Your task: From the first line of the records below, transcribe each line exactly up to and including the one with "Etagère d'angle de"; pictures stay out.

---*---

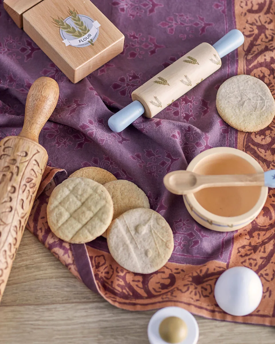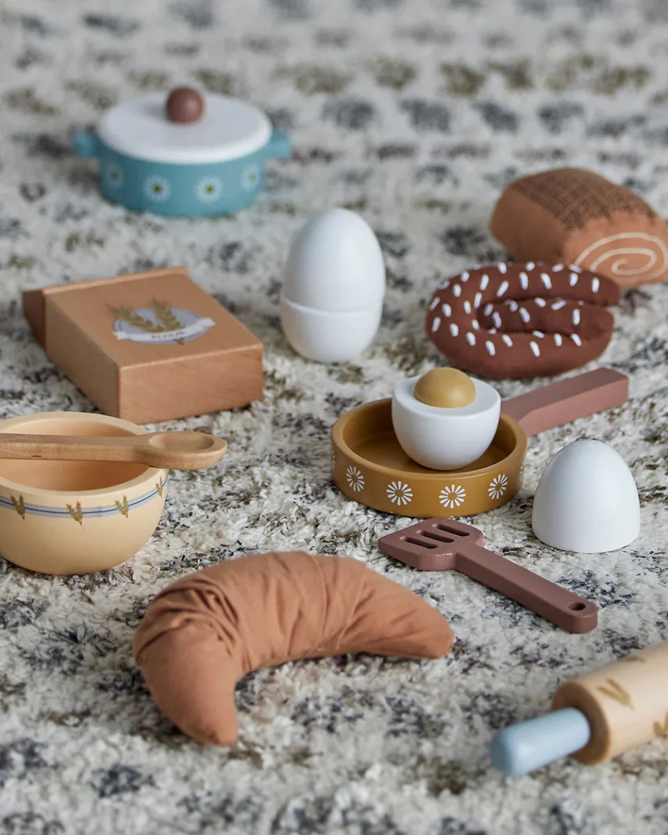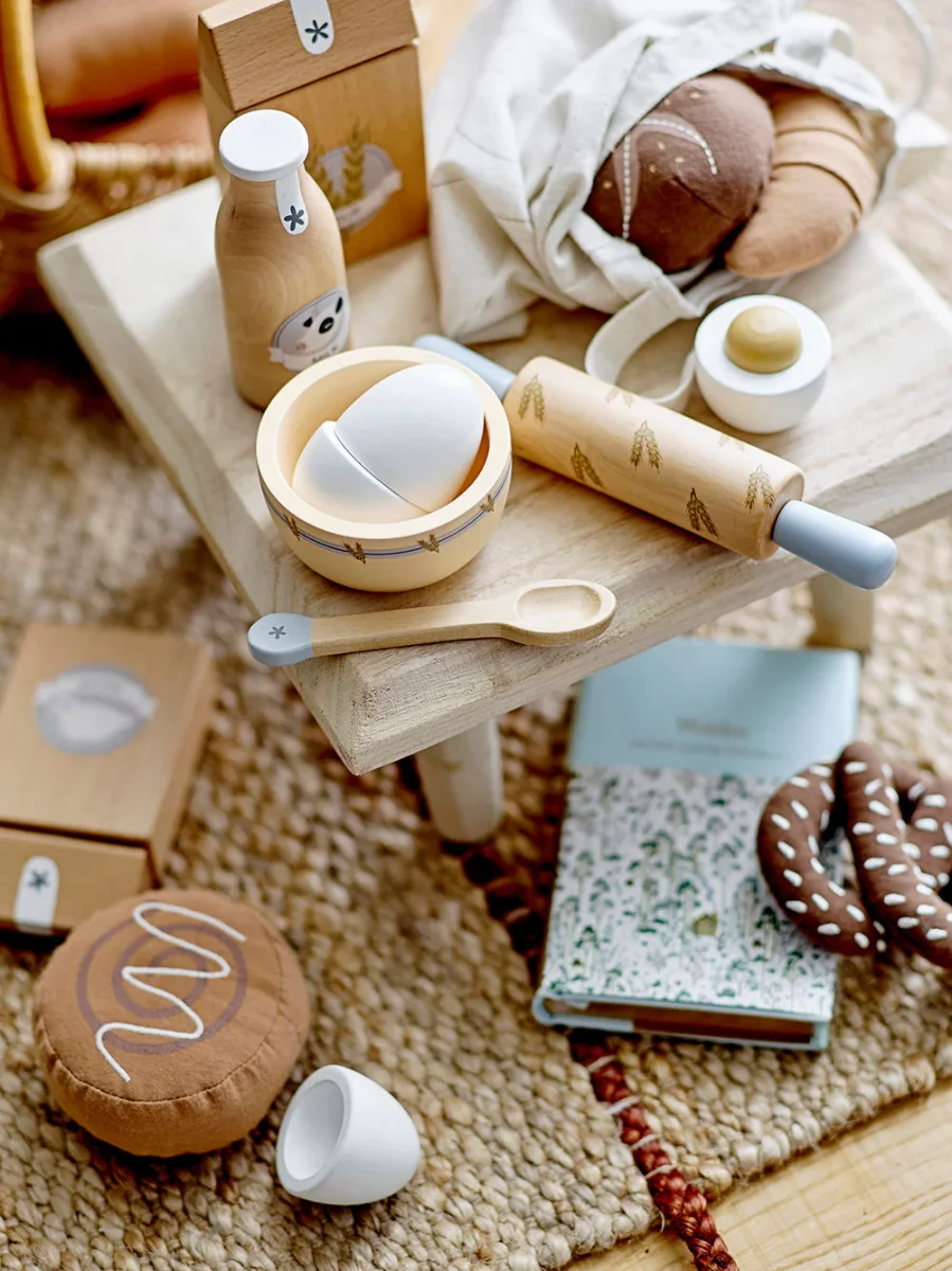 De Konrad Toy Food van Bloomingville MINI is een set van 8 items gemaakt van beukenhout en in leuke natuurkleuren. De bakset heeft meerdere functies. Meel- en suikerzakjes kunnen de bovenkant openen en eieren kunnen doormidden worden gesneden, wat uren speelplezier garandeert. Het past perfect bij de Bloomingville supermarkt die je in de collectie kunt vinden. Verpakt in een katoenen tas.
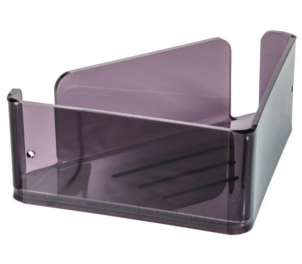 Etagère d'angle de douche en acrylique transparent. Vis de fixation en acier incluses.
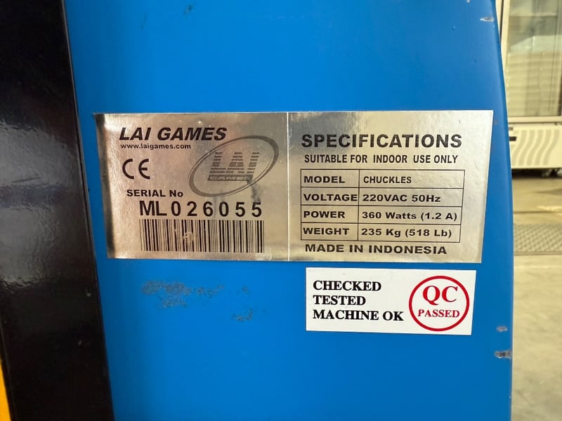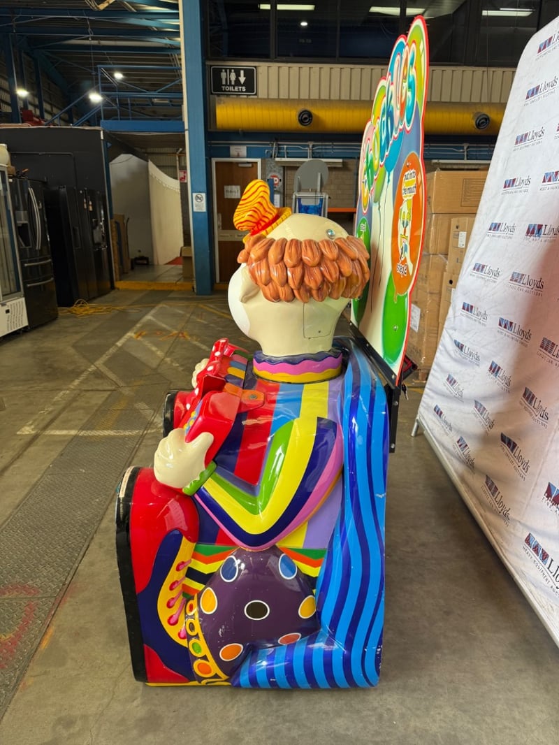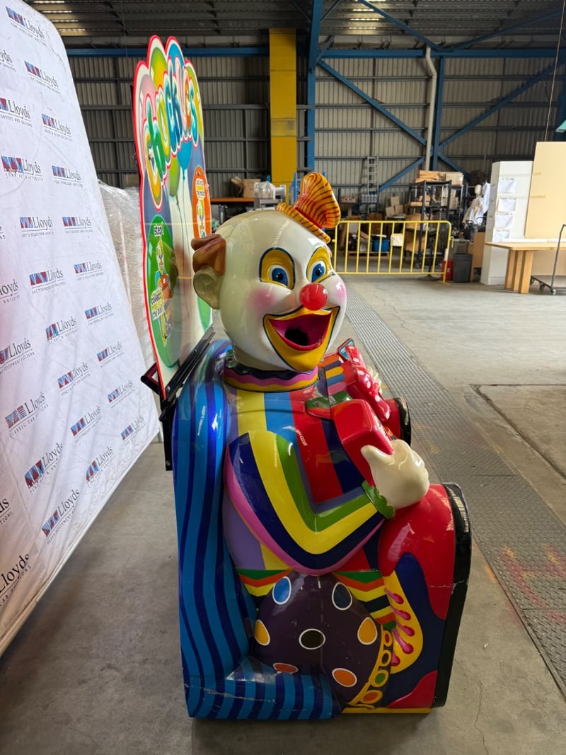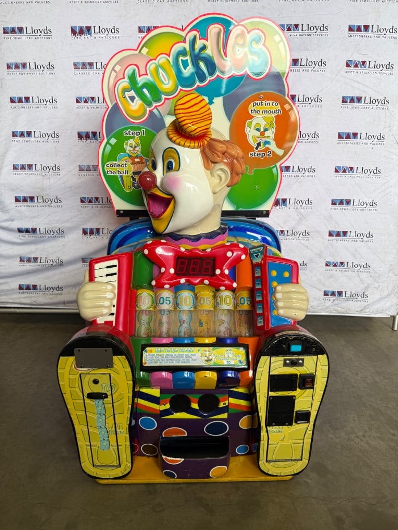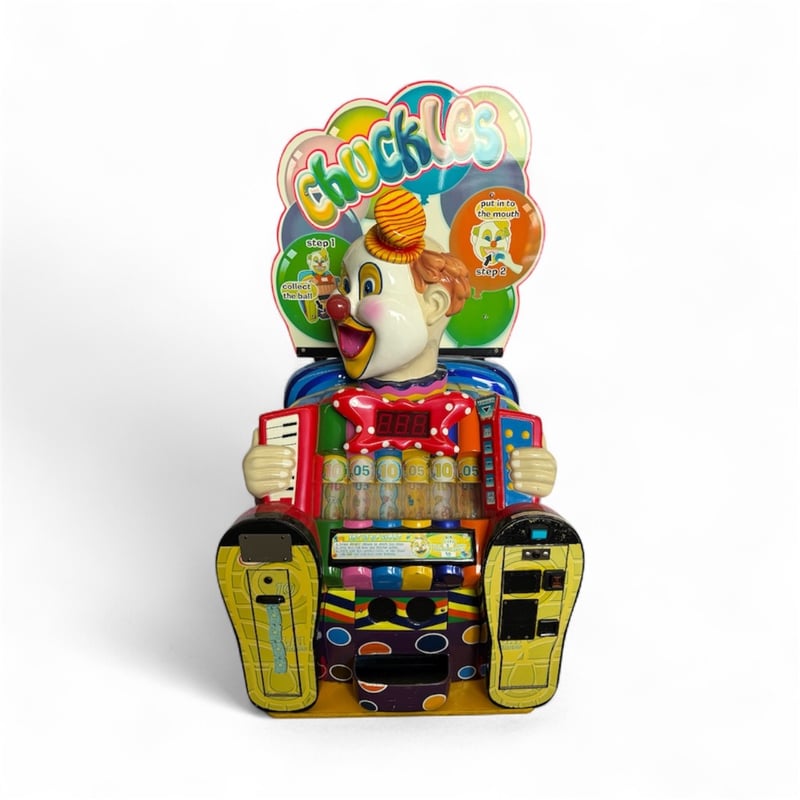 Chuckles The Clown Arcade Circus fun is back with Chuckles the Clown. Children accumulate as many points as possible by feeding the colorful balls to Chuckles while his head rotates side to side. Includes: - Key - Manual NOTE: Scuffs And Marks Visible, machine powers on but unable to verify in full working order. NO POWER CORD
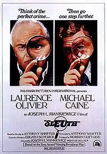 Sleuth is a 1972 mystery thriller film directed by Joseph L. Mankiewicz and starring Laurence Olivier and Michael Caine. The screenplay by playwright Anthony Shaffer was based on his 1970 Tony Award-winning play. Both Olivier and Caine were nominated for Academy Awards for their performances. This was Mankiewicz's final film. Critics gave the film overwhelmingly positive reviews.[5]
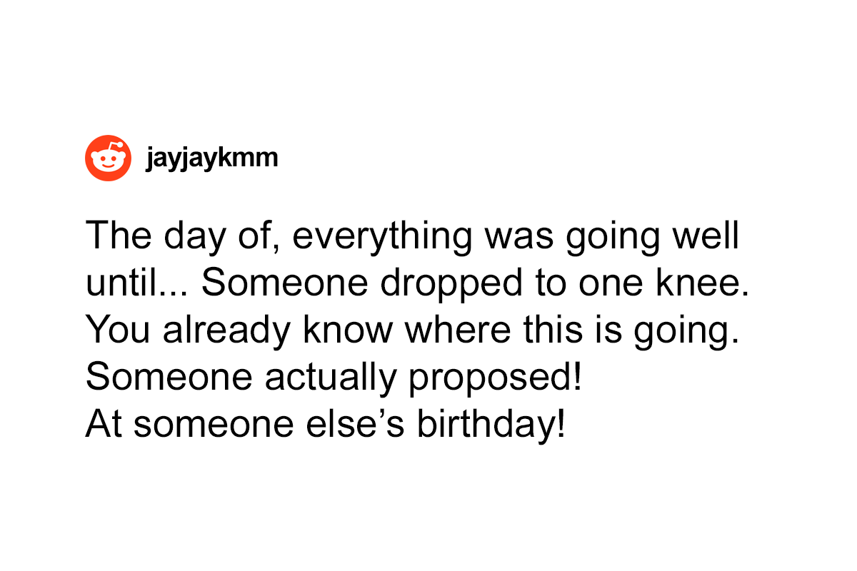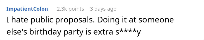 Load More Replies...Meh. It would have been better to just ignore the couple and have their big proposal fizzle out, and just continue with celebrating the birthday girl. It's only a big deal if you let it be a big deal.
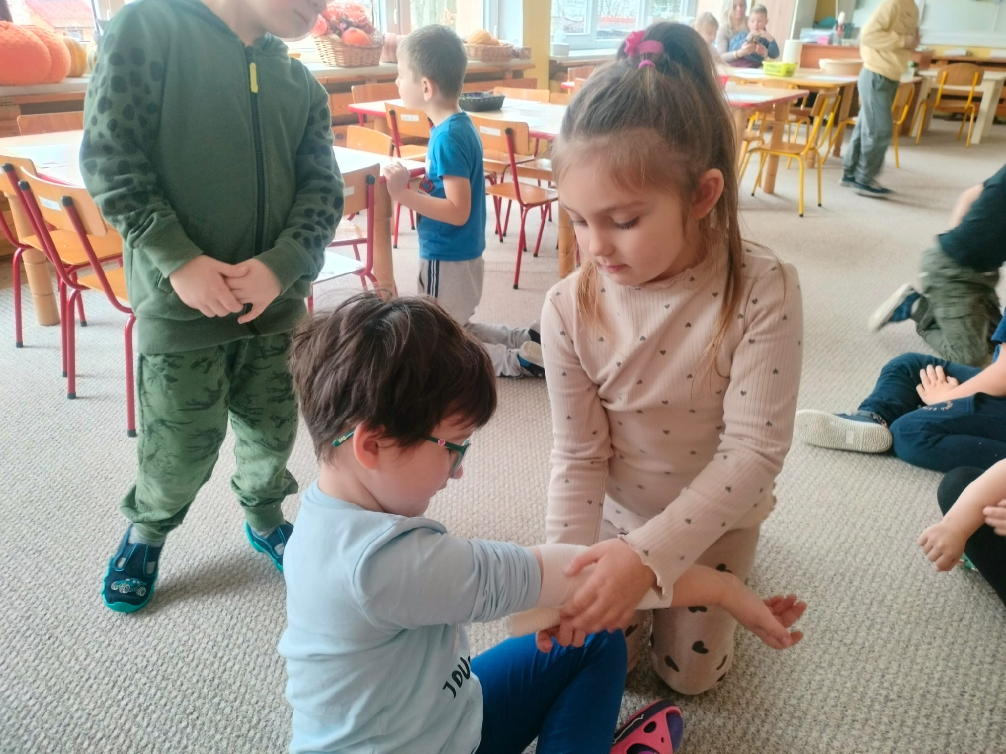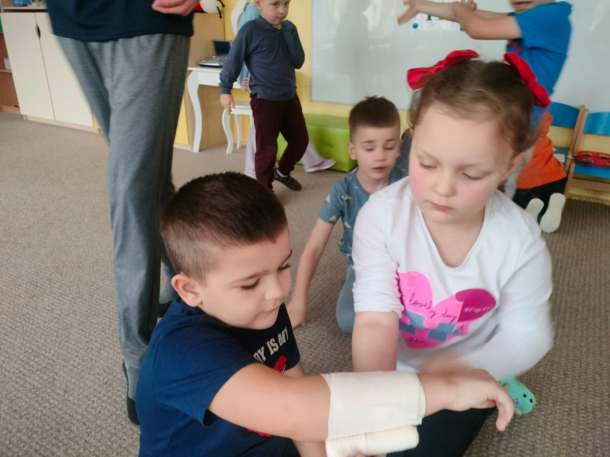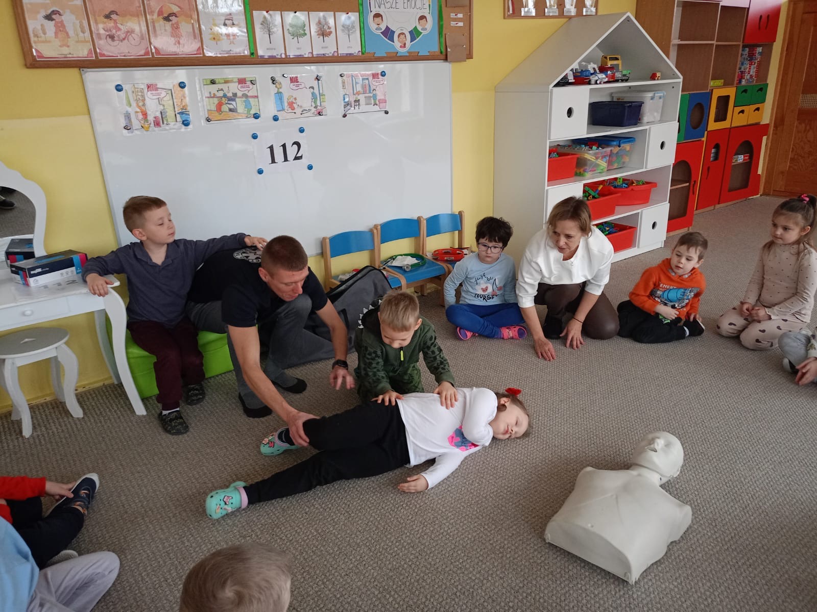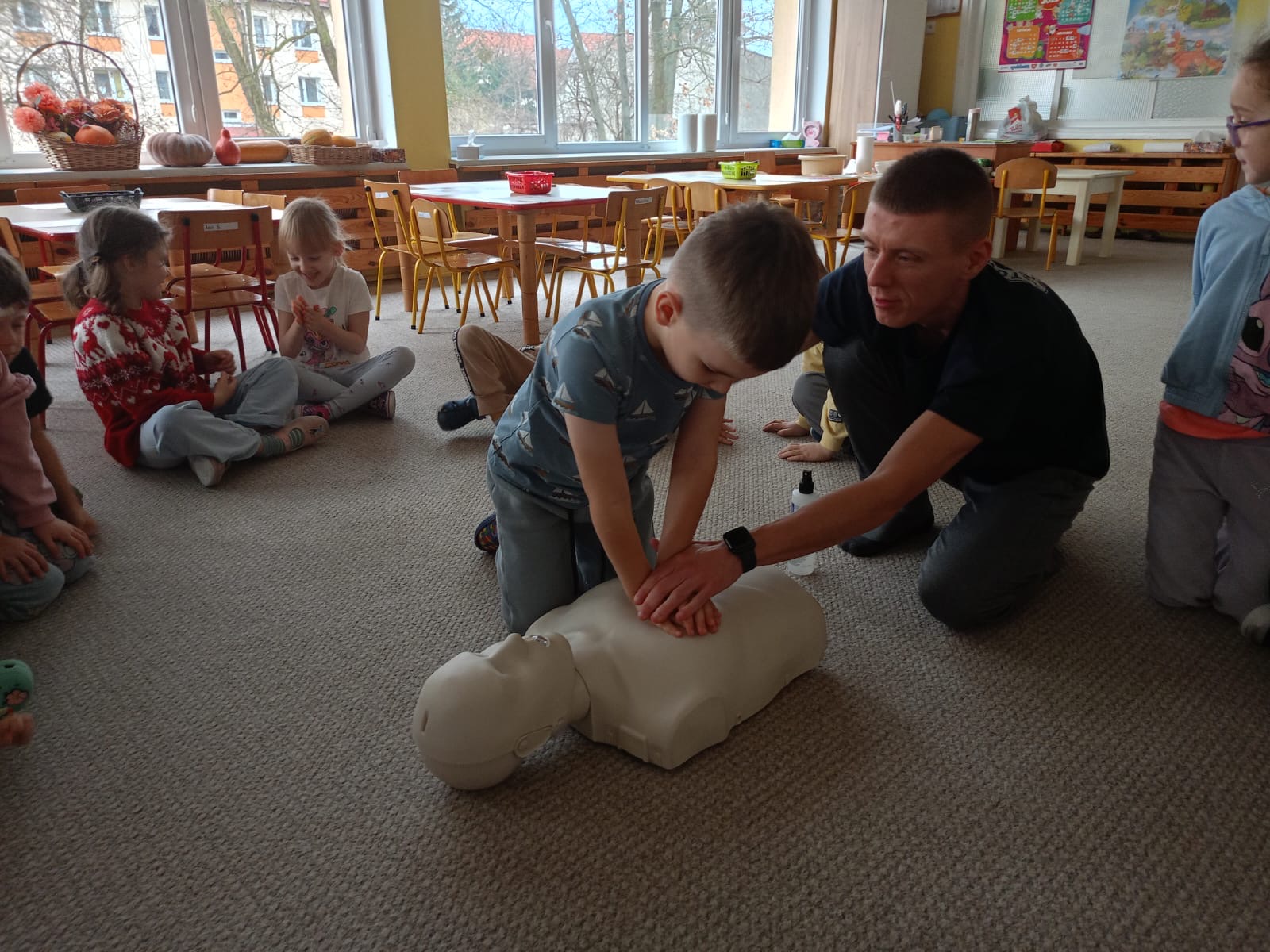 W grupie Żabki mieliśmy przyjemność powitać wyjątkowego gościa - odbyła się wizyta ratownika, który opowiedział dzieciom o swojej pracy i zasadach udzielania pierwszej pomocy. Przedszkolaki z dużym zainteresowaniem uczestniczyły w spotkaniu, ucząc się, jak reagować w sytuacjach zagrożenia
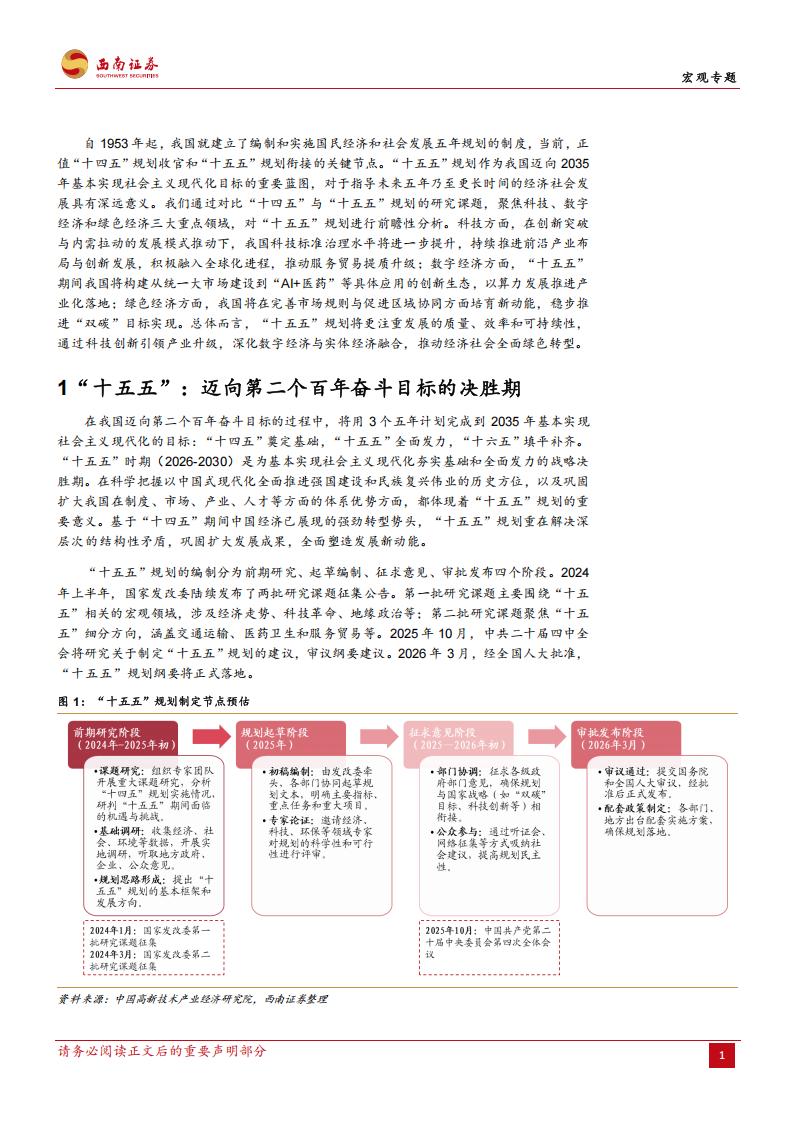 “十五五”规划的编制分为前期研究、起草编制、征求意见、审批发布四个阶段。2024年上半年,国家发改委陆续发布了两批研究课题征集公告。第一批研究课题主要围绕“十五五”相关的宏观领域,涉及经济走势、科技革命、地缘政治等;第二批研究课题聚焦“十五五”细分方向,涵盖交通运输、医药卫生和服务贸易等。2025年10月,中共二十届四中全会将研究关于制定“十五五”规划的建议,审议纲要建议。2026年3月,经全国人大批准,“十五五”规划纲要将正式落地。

---*---

Output below:
 De Konrad Toy Food van Bloomingville MINI is een set van 8 items gemaakt van beukenhout en in leuke natuurkleuren. De bakset heeft meerdere functies. Meel- en suikerzakjes kunnen de bovenkant openen en eieren kunnen doormidden worden gesneden, wat uren speelplezier garandeert. Het past perfect bij de Bloomingville supermarkt die je in de collectie kunt vinden. Verpakt in een katoenen tas.
 Etagère d'angle de douche en acrylique transparent. Vis de fixation en acier incluses.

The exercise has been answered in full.